Thread: std::map with many elements

  1. #16
    Registered User
    Join Date
    Jan 2005
    Posts
    7,366
    Ok, that's a good start. Now put timing data around that loop to see if the slow down is in the loop. In fact, just a cout before and after the outer while loop might do it. Remember, I'm thinking one potential problem is in the destruction of a large map, so commenting out the code that fills the large map would get rid of that slowdown as well.

  2. #17
    Registered User
    Join Date
    Oct 2005
    Location
    Brasil
    Posts
    220
    Oh, i am sorry, i wasn´t clear:
    Total time execution with insertion: 2.08s
    Loop time with insertion: 2.06s

    Total time execution without insertion: 0.41s
    Loop time without insertion: 0.41s

  3. #18
    Algorithm Dissector iMalc's Avatar
    Join Date
    Dec 2005
    Location
    New Zealand
    Posts
    6,318
    Quote Originally Posted by Scarvenger View Post
    okay, with this piece of code:
    Code:
    		while (begin != end)
    		{
    			dictionary[(*begin++)]++;
    		}
    The routine took 2.05 seconds, and without it (commenting it) i get 0.42 seconds...
    What timing do you get if you just change that loop to this?:
    Code:
    		while (begin != end)
    		{
    			*begin++;
    		}
    Then tell us how long it takes if you instead do this:
    Code:
    		std::map<std::string, int> iter = dictionary.begin();
    		while (iter != dictionary.end())
    		{
    			dictionary[iter++]++;
    		}
    That should tell us whether the slowness is mainly related to incrementing the sregex_token_iterator, or whether it is in fact the actual insertions.
    Last edited by iMalc; 12-01-2007 at 06:26 PM.
    My homepage
    Advice: Take only as directed - If symptoms persist, please see your debugger

    Linus Torvalds: "But it clearly is the only right way. The fact that everybody else does it some other way only means that they are wrong"

  4. #19
    Registered User
    Join Date
    Oct 2005
    Location
    Brasil
    Posts
    220
    Code:
                    while (begin != end)
    		{
    			dictionary[(*begin++)]++;
    		}
    0.951s

    Code:
    		while (begin != end)
    		{
    			*begin++;
    		}
    0.781s

    So, yes, now i suppose that the problem is in the sregex_token_iterator... Maybe i will think anything to replace it...

  5. #20
    Registered User
    Join Date
    Oct 2005
    Location
    Brasil
    Posts
    220
    Okay, i have changed the whole code that used the boost::regex library to a pure std approach, the code is the following:
    Code:
    	ifstream file(filename);
    	char data[3000];
    
    	while (!file.eof())
    	{
    		file.getline(data, 3000);
    		string line(data);
    
    		stringToLower(line);
    
    		unsigned int position = 0;
    		while ((position = line.find_first_of(delimiters, position)) != -1)
    		{
    			int endPosition = line.find_first_not_of(delimiters, position);
    			string result      = line.substr(position, endPosition - position);
    			position             = endPosition;
    
    			dictionary[result]++;
    		}
    	}
    
    	return true;
    This seems to be a much faster aproach than the boost::regex since it gives me total execution time of ~1.39s while the boost::regex was giving me ~4.01s.
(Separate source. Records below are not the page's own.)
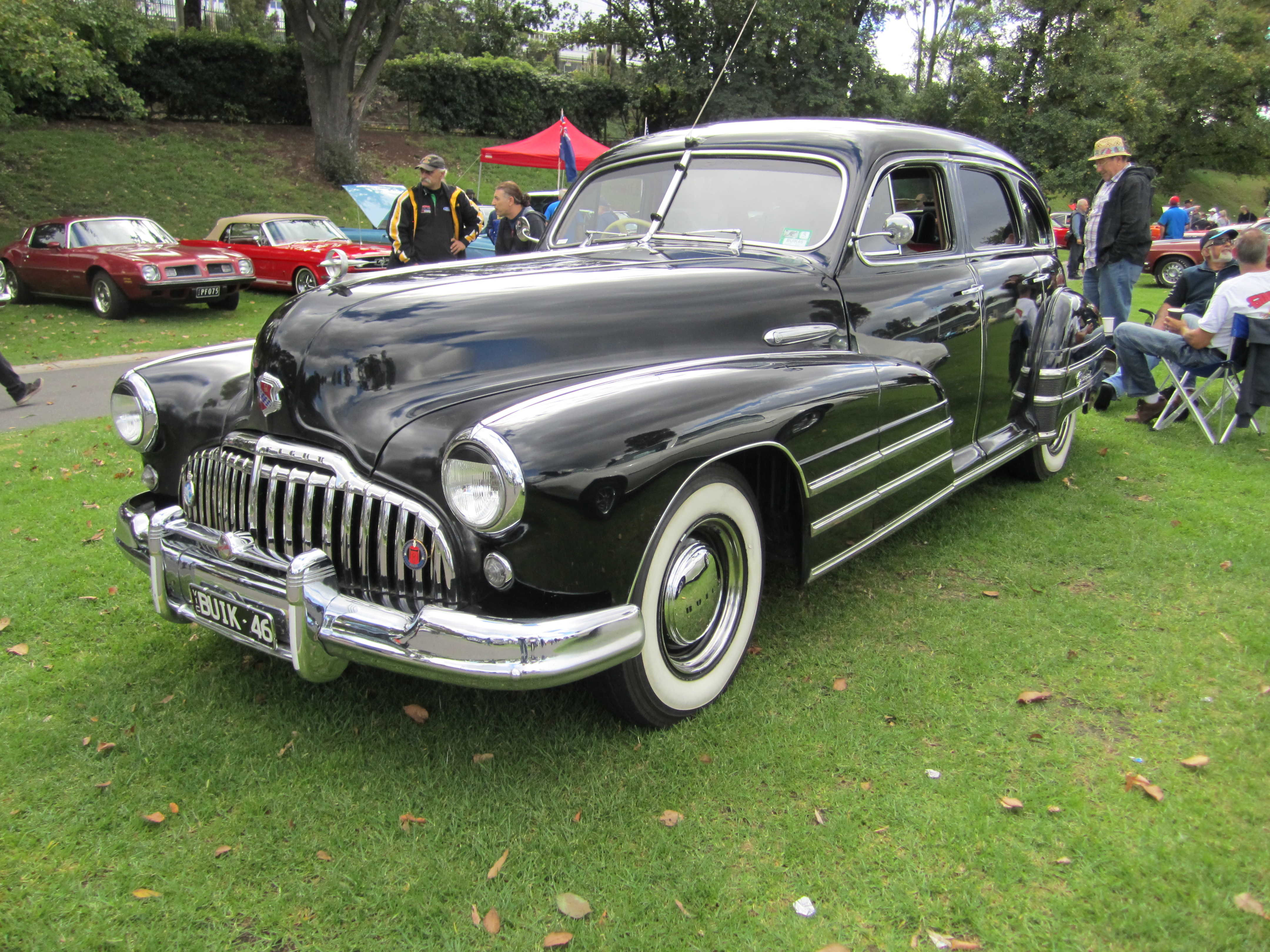 Series 40 Special; Basic SWB. Available in Sedan, Coupe & Roadster Engine 248 cu in V8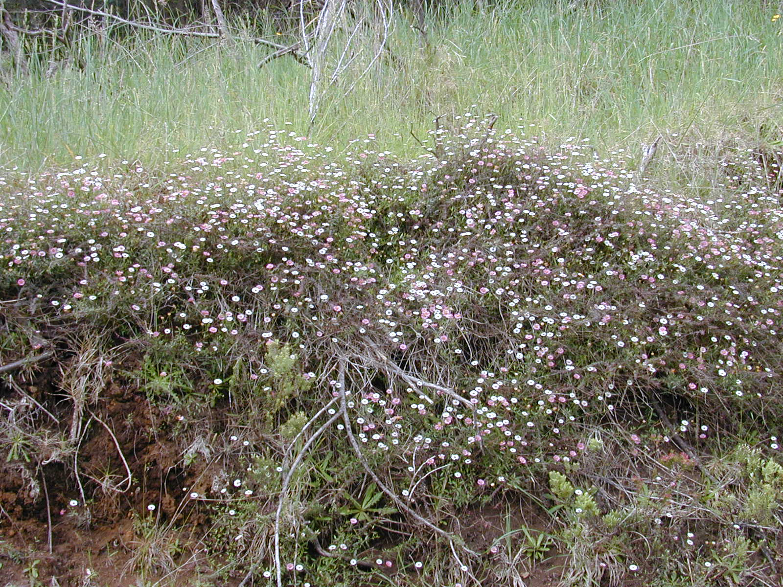 Erigeron karvinskianus (habit). Location: Maui, Polipoli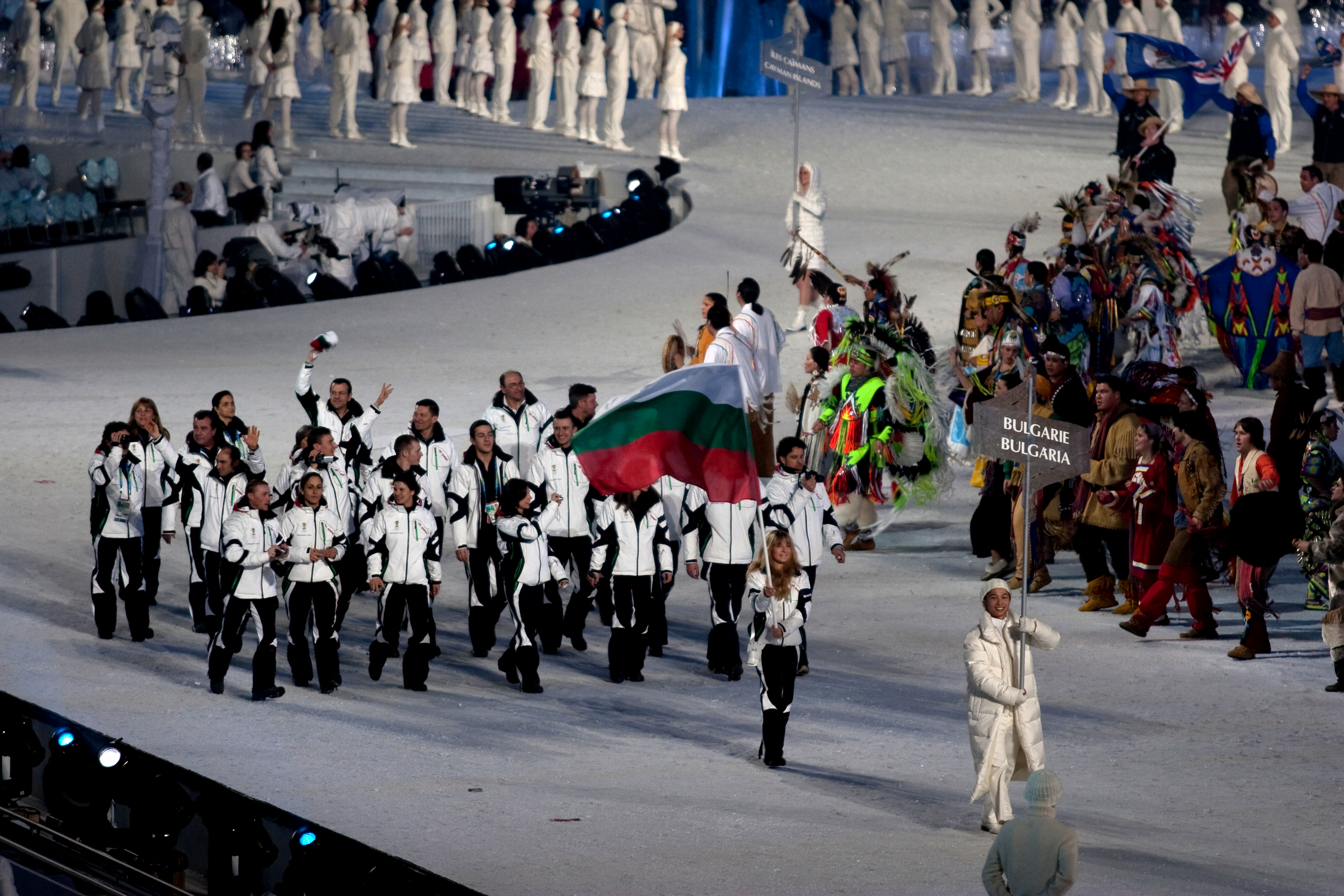 The athletes from Bulgaria entering the stadium at the opening ceremonies of the 2010 Winter Olympics

    Now i would like to squeeze this program to get the last drop of performance from it... Suggestions?
    [edit]
    Readability and good practices sugestion are welcome too
    [/edit]
    Last edited by Scarvenger; 12-01-2007 at 10:20 PM.

  6. #21
    Registered User
    Join Date
    Jan 2005
    Posts
    7,366
    >> Now i would like to squeeze this program to get the last drop of performance from it... Suggestions?
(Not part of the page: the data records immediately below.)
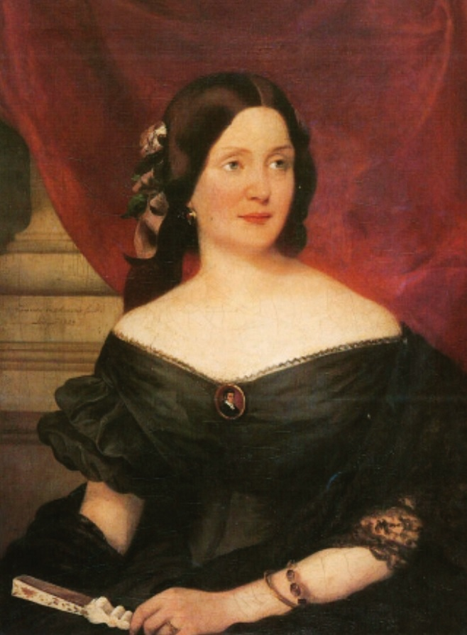 Portrait painting of the 1st Viscountess of Meneses, Elisa Eugénia Edwards de Desanges, by her son, the 2nd Viscount of Meneses.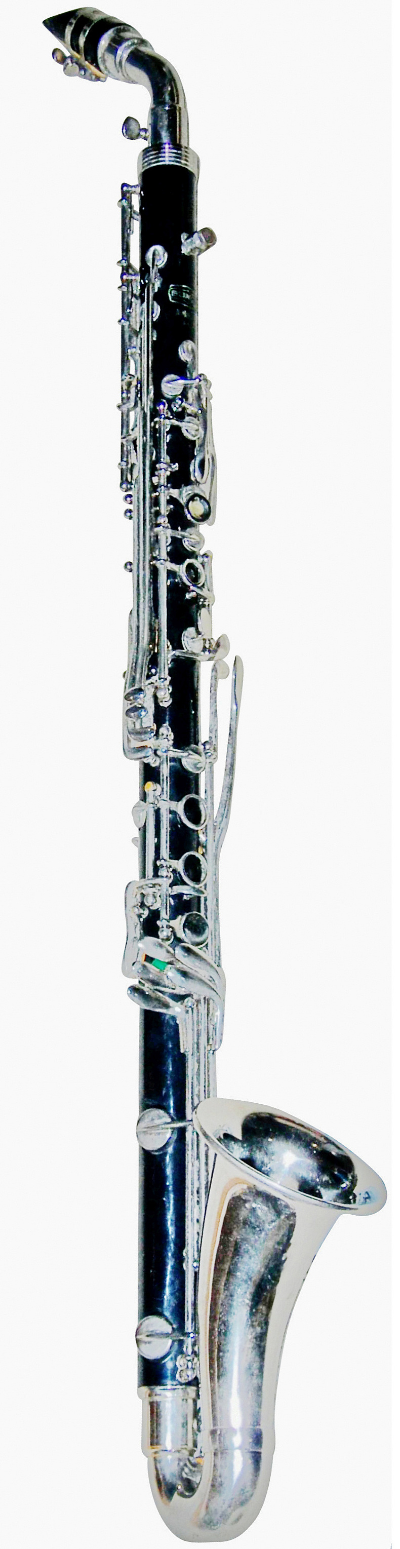 Taken by myself with a Nikon Coolpix 7600 digital camera, approx. 4:00 pm CST 26 December 2006.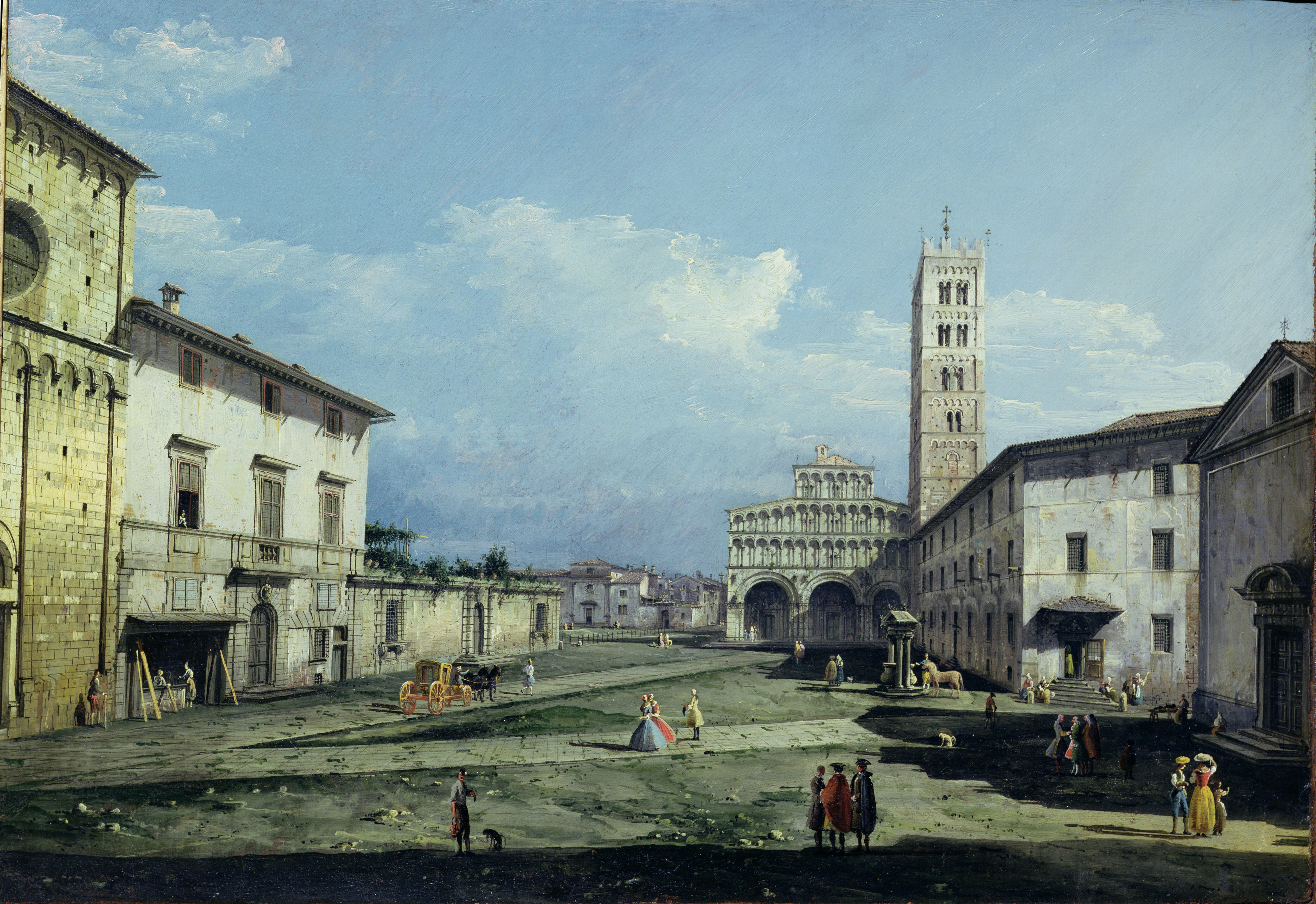 On the left, the Church of San Giovanni and the Palazzo Micheletti (designed by Bartolomeo Ammanati) with its terraced gardens; the Duomo and Campanile, centre right.

    Just a guess: put line.substr(position, endPosition - position) into the dictionary[] call instead of result and remove result entirely. Also you'd have to move the assignment of position to after that call as well. A good optimizing compiler probably would already have done that itself, but it's worth a try.

    By the way, are the timings on a release build with optimizations on? That makes a big difference. All timing tests should be done with release builds.


    >> Readability and good practices sugestion are welcome too

    I'd use string::npos instead of -1 and string::size_type instead of unsigned int.

    Why are you using the C-string version of getline? Are you purposefully trying to cap the input at 3000 characters? If so, that's fine. If you made it 3000 because you want to make sure you get the entire line, then use the C++ string version of getline: getline(file, line).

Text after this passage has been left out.